TASK ITEM –
The answer must be an exact copy of the records, with every picture removed.

::::

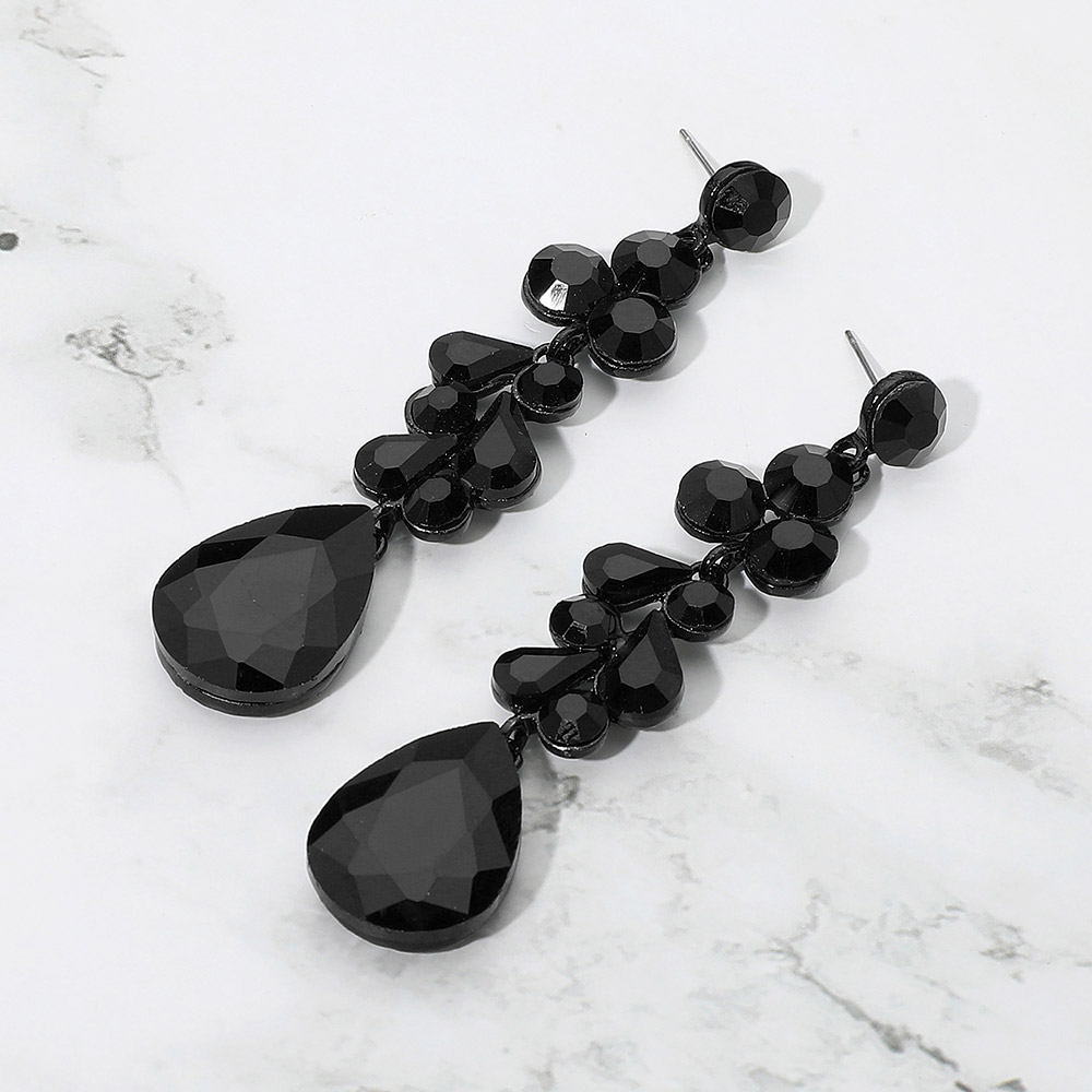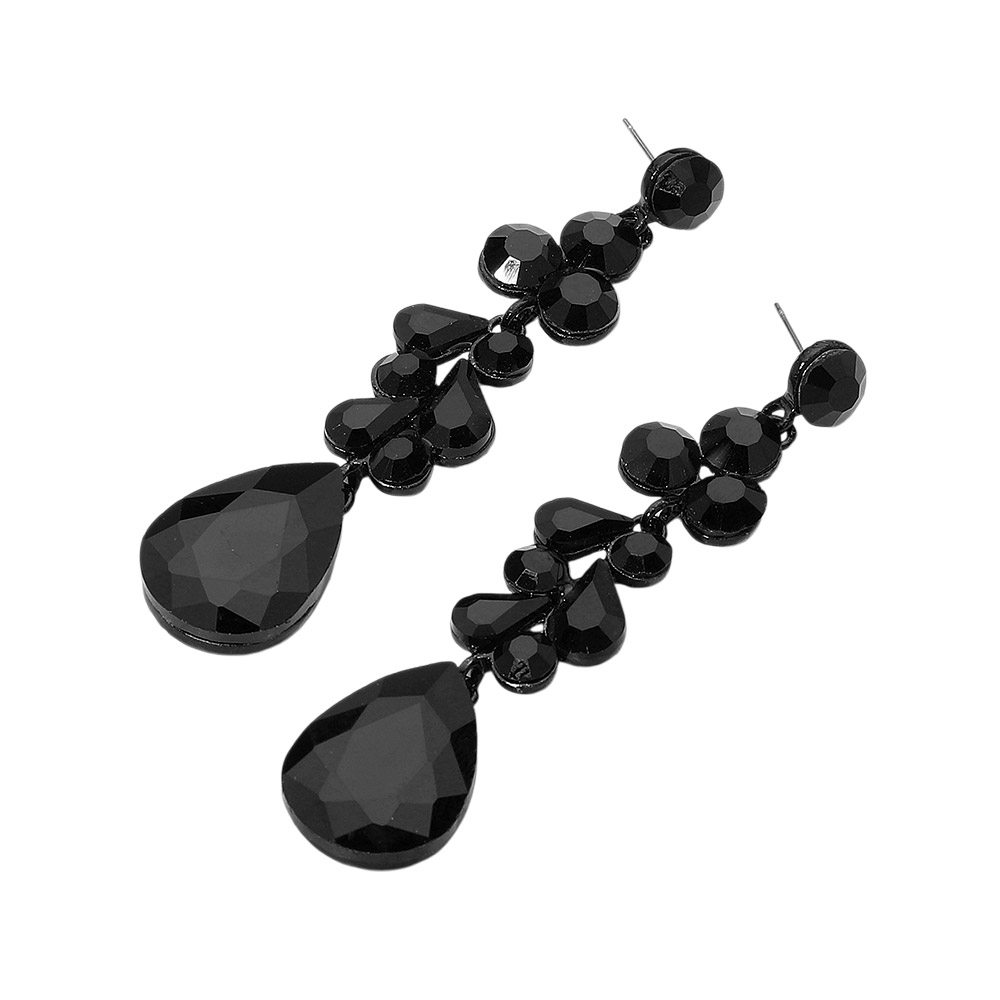 Details • Size : 0.7" X 3.4" • Post Back • Elegant dangle earrings featuring a mix of teardrop and round stones in a cascading design. These statement earrings offer shimmering accents and graceful movement, ideal for enhancing formal or evening looks. • Lead and Nickel Compliant
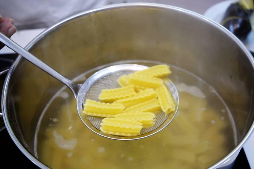 Paso 1 Comenzaremos a preparar esta pasta alla norma, poniendo una cazuela con agua a calentar. Cuando esté hirviendo ponemos un puñado de sal y la pasta para que se cueza nadando a gusto durante el tiempo recomendado por el fabricante. Paso 2 Mientras se calienta el agua y se cuece la pasta, tenemos que ir haciendo el sofrito de la pasta alla Norma. Por un lado tenemos que freír unos bastoncitos de berenjena en abundante aceite de oliva.
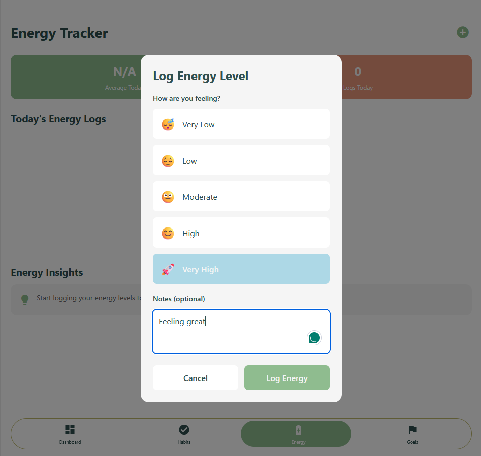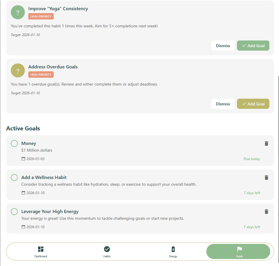 Life OS is a personal operating system designed to help individuals structure their daily lives through intentional systems rather than isolated tasks. The application brings together habit tracking, goal management, and daily energy logging into a unified experience that emphasizes consistency, self awareness, and long term growth. Instead of focusing on productivity shortcuts, Life OS models personal routines as evolving data, allowing users to better understand their behaviors and build sustainable momentum over time.
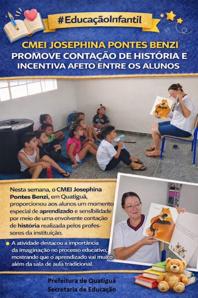O CMEI Josephina Pontes Benzi, em Quatiguá, realizou nesta semana uma atividade especial de contação de história com os alunos da Educação Infantil. A iniciativa proporcionou um momento de aprendizado lúdico e de fortalecimento dos vínculos afetivos dentro do ambiente escolar.
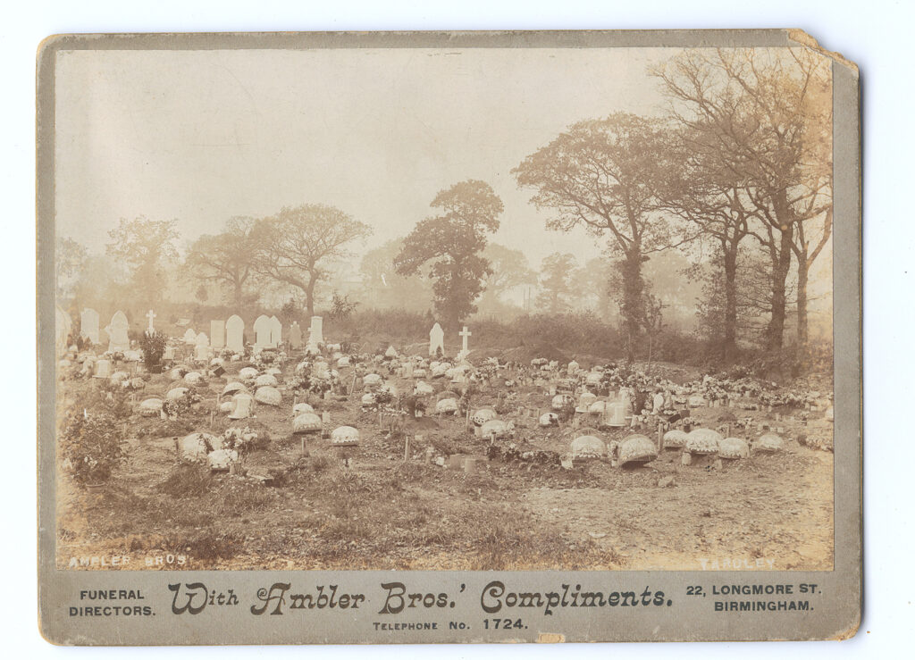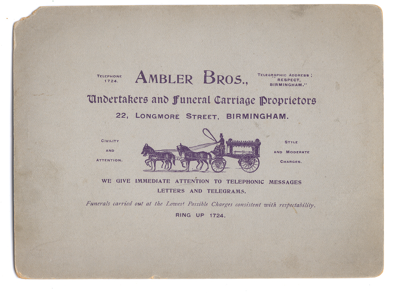 The back of the mount has a superior advertisement showing a funeral carriage being driven by a man and four horses. We see their telephone number at the top and it says “We Give Immediate Attention to Telephonic Messages Letters and Telegrams.” Their telegraphic address is “Respect, Birmingham.” It also reads “Funerals carried out at the Lowest Possible Charges consistent with respectability.”

::::

WRITTEN ANSWER –
 Details • Size : 0.7" X 3.4" • Post Back • Elegant dangle earrings featuring a mix of teardrop and round stones in a cascading design. These statement earrings offer shimmering accents and graceful movement, ideal for enhancing formal or evening looks. • Lead and Nickel Compliant
 Paso 1 Comenzaremos a preparar esta pasta alla norma, poniendo una cazuela con agua a calentar. Cuando esté hirviendo ponemos un puñado de sal y la pasta para que se cueza nadando a gusto durante el tiempo recomendado por el fabricante. Paso 2 Mientras se calienta el agua y se cuece la pasta, tenemos que ir haciendo el sofrito de la pasta alla Norma. Por un lado tenemos que freír unos bastoncitos de berenjena en abundante aceite de oliva.
 Life OS is a personal operating system designed to help individuals structure their daily lives through intentional systems rather than isolated tasks. The application brings together habit tracking, goal management, and daily energy logging into a unified experience that emphasizes consistency, self awareness, and long term growth. Instead of focusing on productivity shortcuts, Life OS models personal routines as evolving data, allowing users to better understand their behaviors and build sustainable momentum over time.
O CMEI Josephina Pontes Benzi, em Quatiguá, realizou nesta semana uma atividade especial de contação de história com os alunos da Educação Infantil. A iniciativa proporcionou um momento de aprendizado lúdico e de fortalecimento dos vínculos afetivos dentro do ambiente escolar.
 The back of the mount has a superior advertisement showing a funeral carriage being driven by a man and four horses. We see their telephone number at the top and it says “We Give Immediate Attention to Telephonic Messages Letters and Telegrams.” Their telegraphic address is “Respect, Birmingham.” It also reads “Funerals carried out at the Lowest Possible Charges consistent with respectability.”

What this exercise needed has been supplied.